▶ **WORK ITEM**
From the first line of the data down to the line bearing "Poplar Phase 2 Community Review Team", output every line exactly and include no pictures.

▶ **GIVEN DATA**
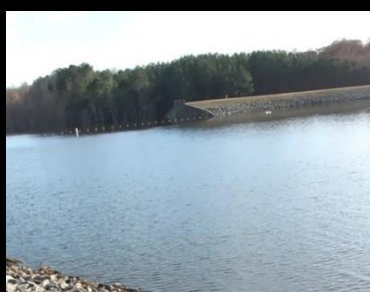
STOP 3 - New Kent County
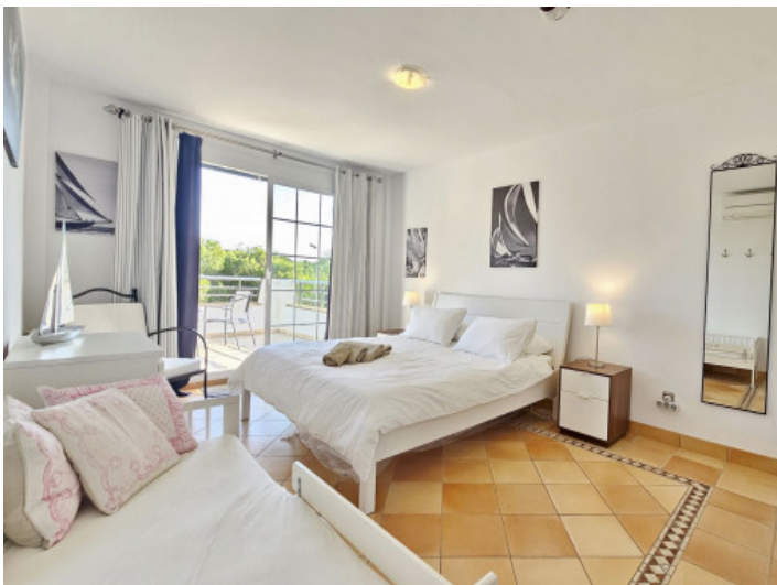
All bedrooms have access to the balcony
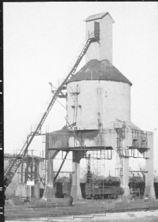
North Classification Yards, May 22, 1948. Arrow indicates location.
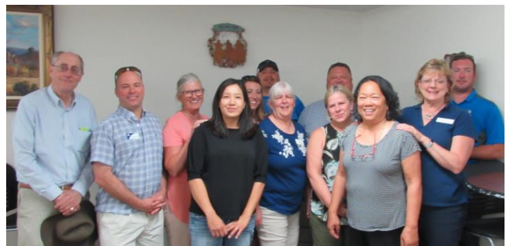
Poplar Phase 2 Community Review Team

If you have a community that is on the edge of making progress - but needs a little organization, encouragement, and resources boost - MEDA would love to work with you to make that happen via a Montana Community Review . For more information visit https://www.communityreview.org/ and http://www.medamembers.org/resources/community-reviews
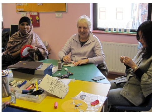
Women enjoying the activities at Falls Women's Centre.

Falls' Live and Learn project focuses on “promoting social inclusion of ethnic minority women”. Activities at the centre this year included: Lipstick & Money, Cookery & Food Hygiene, Intro to Computers, Driving Theory, Jewellery Making and Arts & Crafts. The following is an example of the life changing impact of one of the women at Falls.
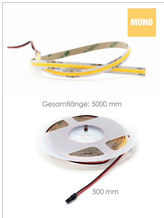
Gesamtlänge: 5000 mm
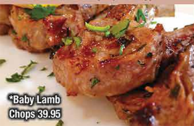
*Baby Lamb Chops 39.95

*Steak Bourbon 39.95 NY Strip steak (16 oz.), mushrooms & onions in a light brown bourbon sauce served with mashed potatoes, gravy and veggies
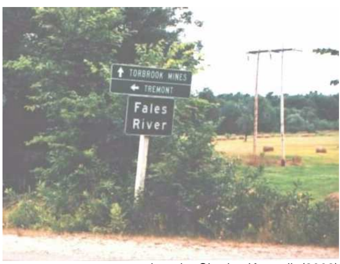
Fales River, Malvern Square, Nova Scotia, Canada

line with Kings County and near or at the bottom of North Mountain, now called Stronach Mountain. The area is known as Malvern Square. There is a Fales River and a Fales Brook still flowing in this area.
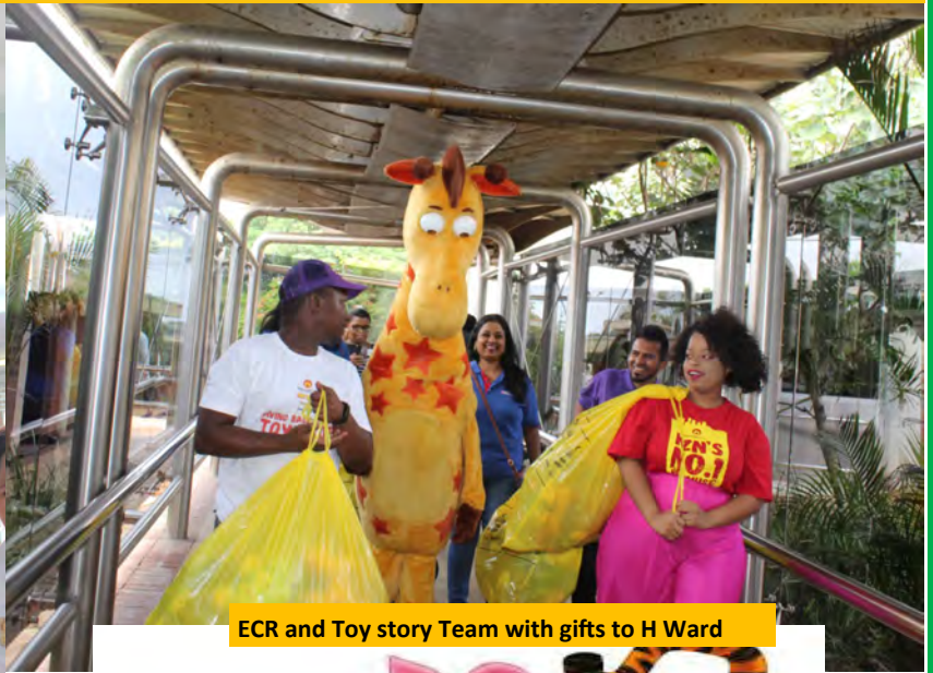
ECR and Toy story Team with gifts to H Ward
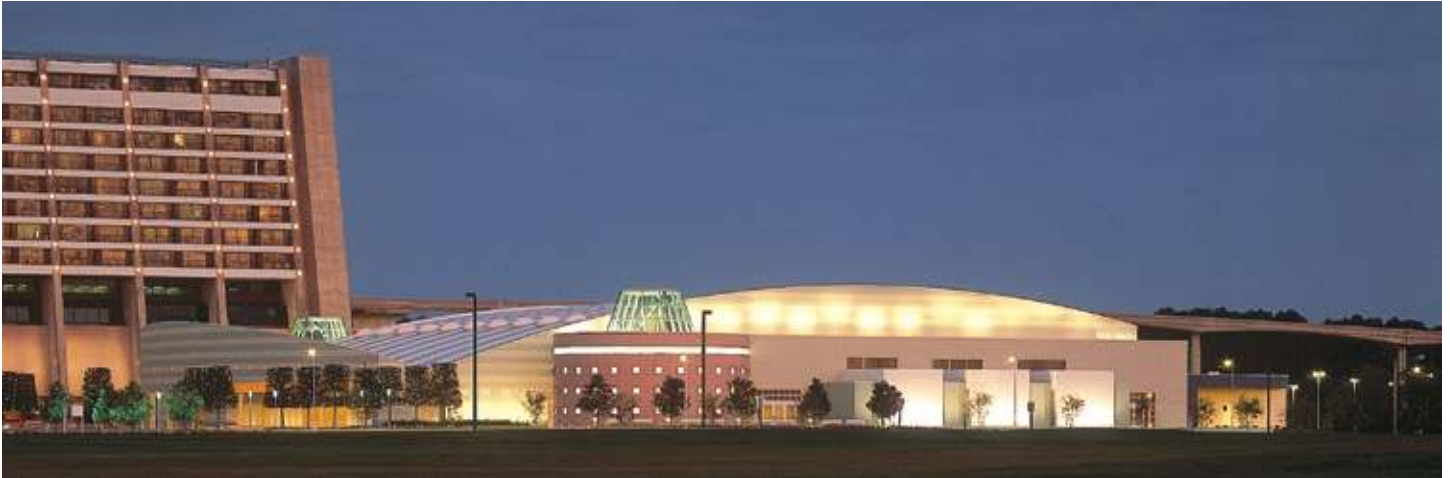
Overall view from Lake Buena Vista
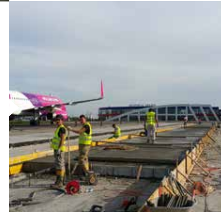
DESIGN AND BUILD EXTENSION CRAIOVA AIRPORT CRAIOVA, ROMANIA
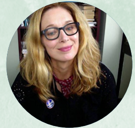
Holly Crocker English Language and Literature College of Arts and Sciences
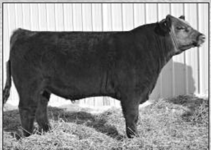
MNS GEORGE 9712 • Lot 67

Son of Major League, out of a first calf heifer. Excellent balanced EPD's. Would make an excellent "heifer" bull, negative on birth. (-.8 BW EPD). Adjusting weaning wt. of 789 lbs and ratio of 108. Dam is a moderate framed female with an excellent udder - sired by LCB Hoss, one of the best maternal sires in the breed. Very long necked yet heavily muscled with large testicles. Grand Dam was division champion at Iowa State Fair and class winner at Denver. Dam was class winner at Iowa State Fair, Denver, and Ft. Worth. Was not shown again due to injury.
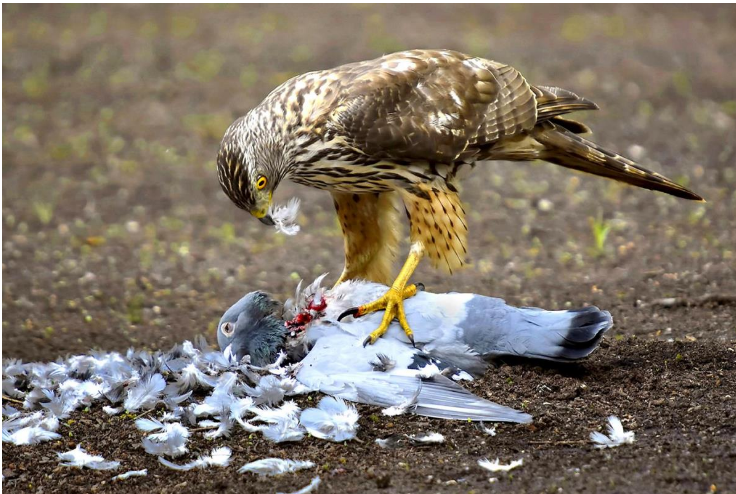
HONORABLE MENTION - EATING HAWK by RENE VAN ECHELPOEL (BELGIUM)
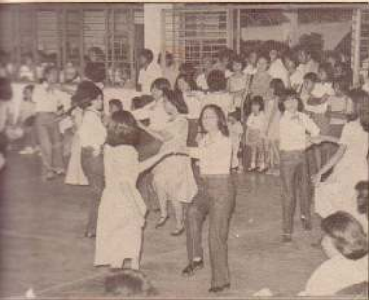
ing the square dance . . .
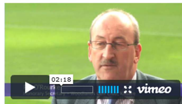
Hear from SMEs that have saved energy
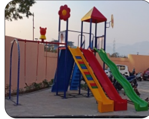
MPPS - 27 ( Karjat )
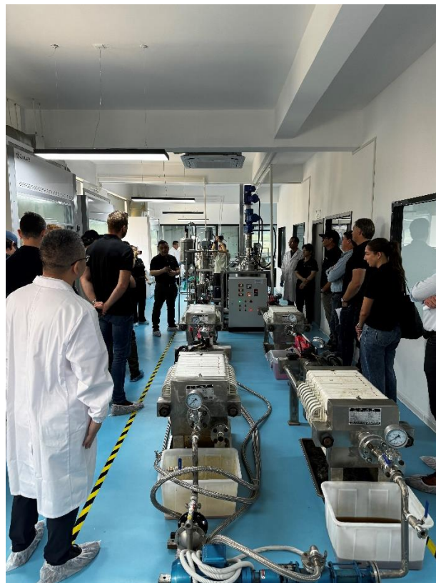
Image 4: Tour of Firebird's Pilot Plant and R&D Centre in Jinshi, Hunan Province
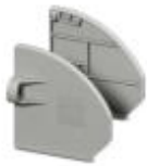
Flange cover, Color: gray
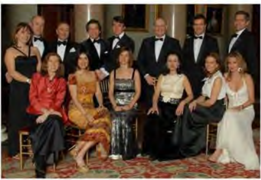
Miracles' Spanish Friends
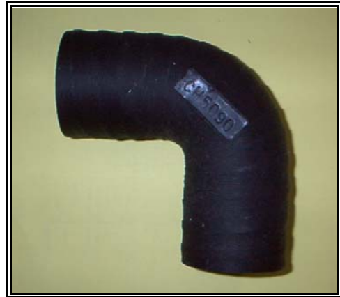
CH 5090 90 DEG HOSE
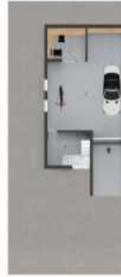
Alto / Superior 1. Garage 2. Living 3. Kitchen 4. Bed 5. Bath 6. Terrace
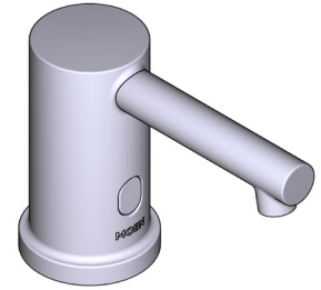
M•Power™ Align® Style Electronic Soap Dispenser
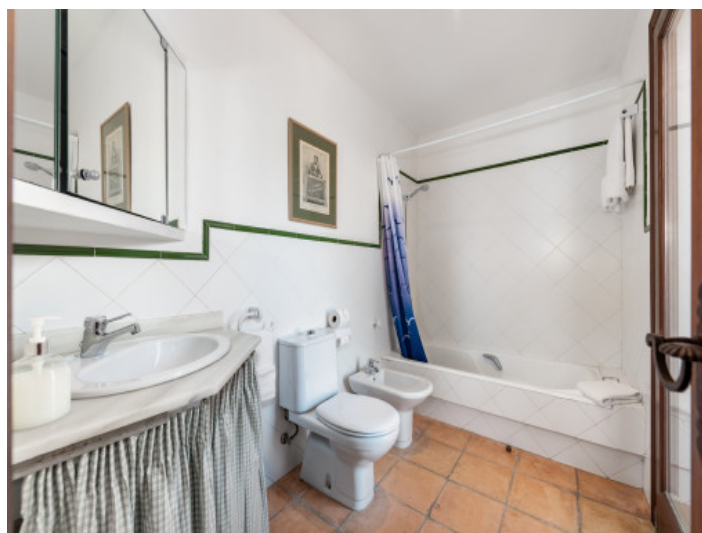
One of seven bathrooms
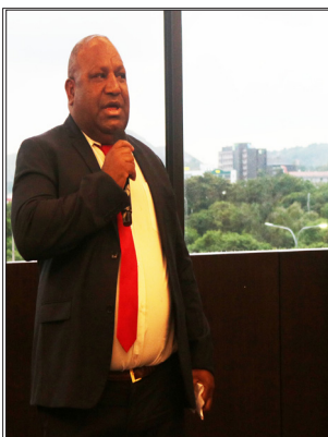
Hon. Win Bakri Daki, Minister for Commerce & Industry expressing satisfaction during the PNG-Japan Business Forum.

Minister for Commerce & Industry, Win Bakri Daki through the Papua New Guinea Investment Promotion Authority (IPA) has praised the 50- member delegation from Japan who were recently in the country seeking business and investment opportunities.
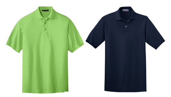
**Not all colors are available in all sizes**
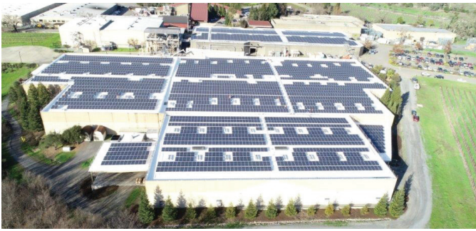
SPF roof with photovoltaic panels at the Rodney Strong Vineyards in Healdsburg, CA.
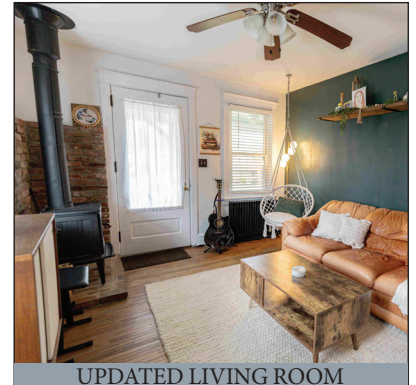
UPDATED LIVING ROOM
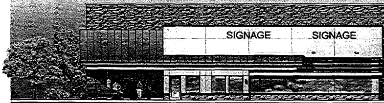
OFFICE BUILDING SOUTH ELEVATION 1/8" = 1'-0"
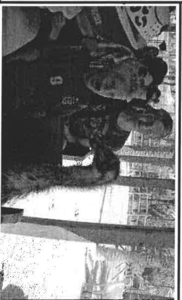
Excuse me but is this seat taken?
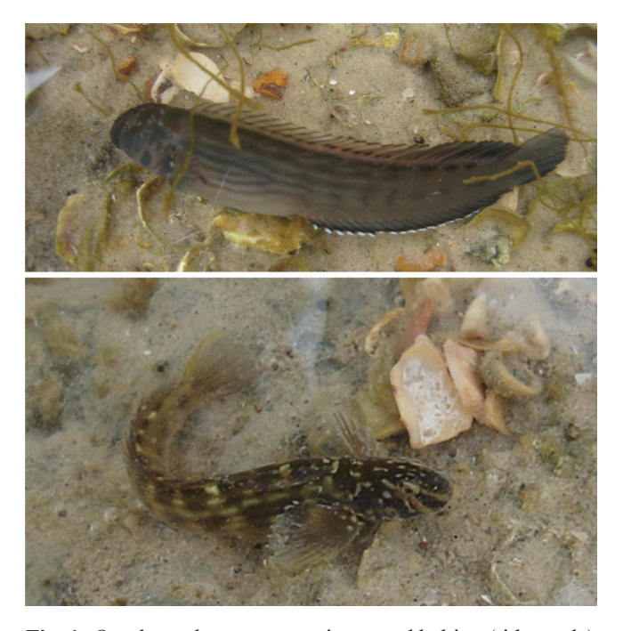
Fig. 1. Omobranchus punctatus in natural habitat (tide pools) in Brazil.

from the Caribbean entrance of the Panama Chanel. Fish collections made between 1935 and 1937 at the Pacific side of the Chanel (Miraflores locks) by Hildebrand (1939) yielded no specimens of O. punctatus. Also, the species was not recorded in these areas by McCosker & Dawson (1975). To date, there is no evidence of its occurrence on the Pacific coast of Panama. The Chanel first began operation in 1914. The first record of O. punctatus in Trinidad dates from the 1930s. The first records of O. punctatus in Panama, at the Caribbean entrance to the canal, are from 1967, much later than the first record from Trinidad (1930) (Table 1). Springer & Gomon (1975) and Carlton (1985) suggested that it is likely that specimens of muzzled blenny from Panama originate via shipping movements from the population at Trinidad. This hypothesis was supported by strong similarities in the morphology of specimens collected from those two countries.
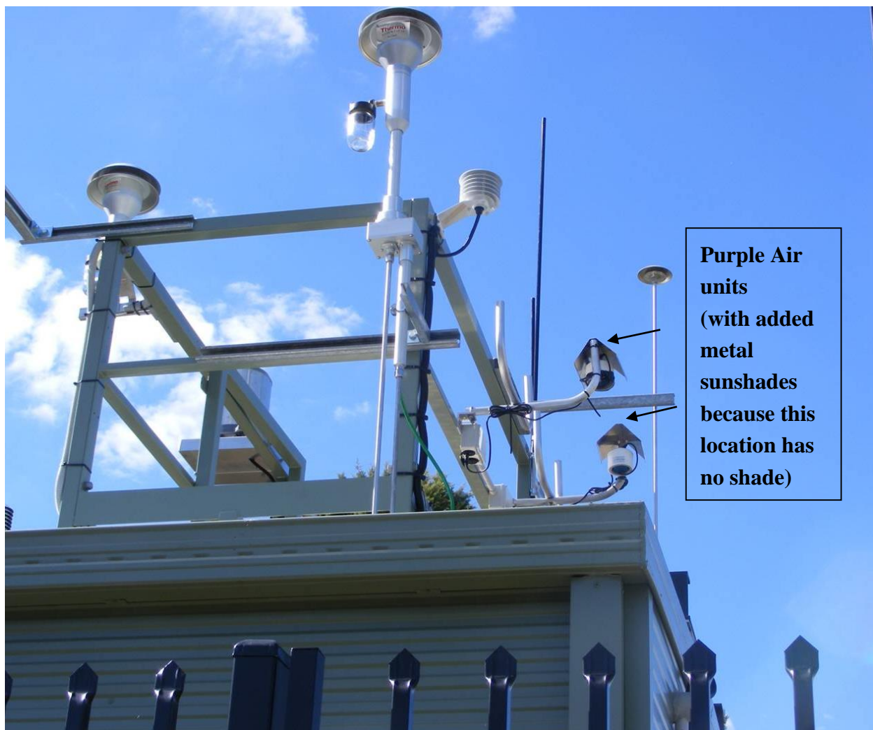
Figure S1. Two Purple Air Monitors installed on the roof of the NSW Government Station.

Received: 14 July 2020; Accepted: 8 August; Published: date
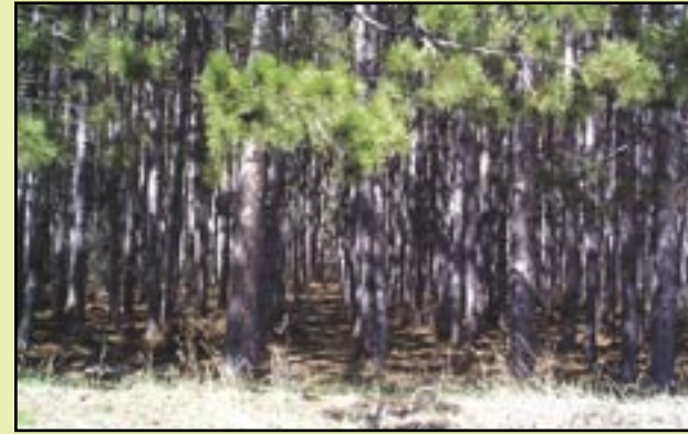
Pine rows need to be thinned.
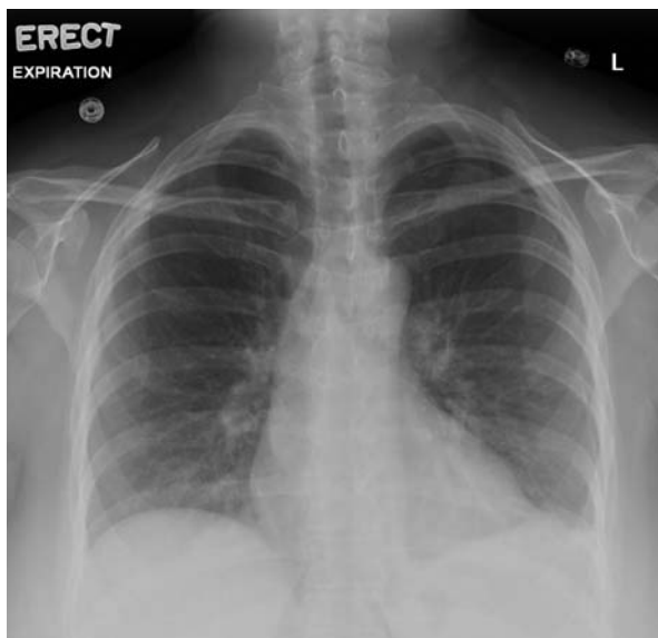
Figure 6. Chest x-ray illustrates 15% pneumothorax following continuous paravertebral block. No chest tube was placed.

The paravertebral catheter is infused with either bupivacaine 0.0625% or lidocaine 0.25% at a starting rate of 7 mL per hour. The rate can be increased to 10 mL per hour if necessary. Orders should also include a bolus of 3 mL per hour, as needed, given by the nurse. The advantage of lidocaine is that it is safer, and when in doubt, determining the plasma level of the drug is simple. Ropivacaine 0.2% also has been reported as an alternative for continuous infusion. Regardless of the solution, the total rate should not exceed 20 mL per hour.
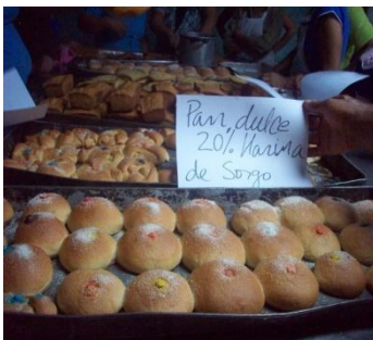
Sweet Sorghum bread (20% sorghumflour)
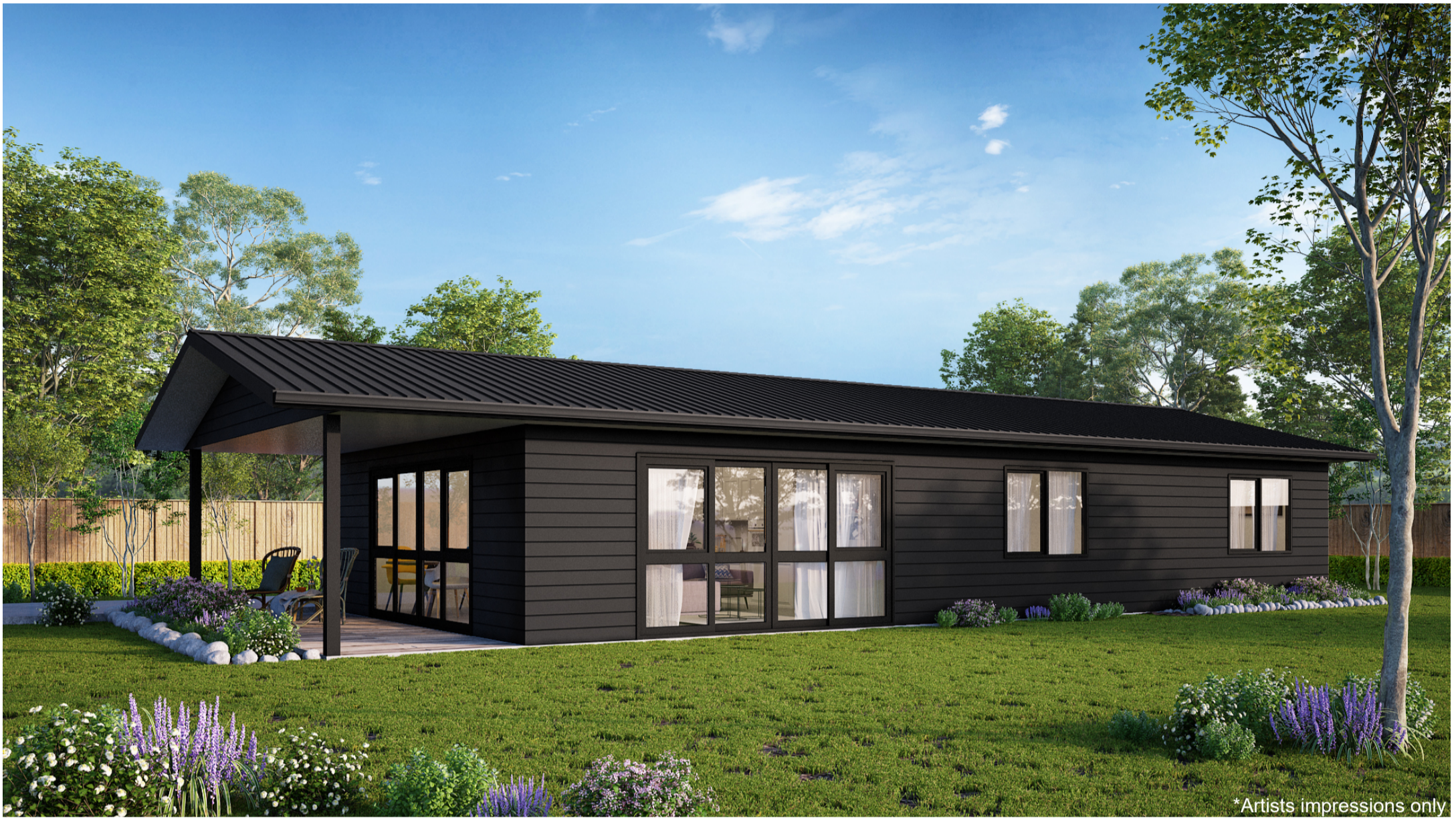
*Artists impressions only
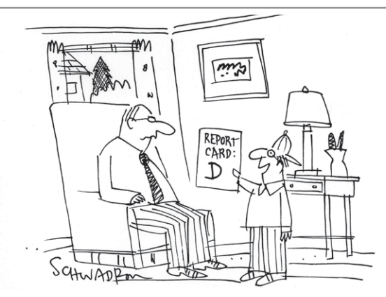
"But Dad, this will make sure I don't get saddled with college debt."
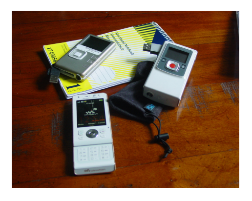
Figure 1: Day Experience Kit.

The data reported here is largely confined to universities A, B, D and E as these were all place-based and the distance students at university C had significantly different study patterns and usage of ICT for study purposes and in their social life and leisure (see Ramanau et al 2010). Our focus in this paper is on the local habitations of students in place-based traditional universities as opposed to distance mode students.

▶ **RESPONSE FOR THIS EXERCISE**
STOP 3 - New Kent County
All bedrooms have access to the balcony
North Classification Yards, May 22, 1948. Arrow indicates location.
Poplar Phase 2 Community Review Team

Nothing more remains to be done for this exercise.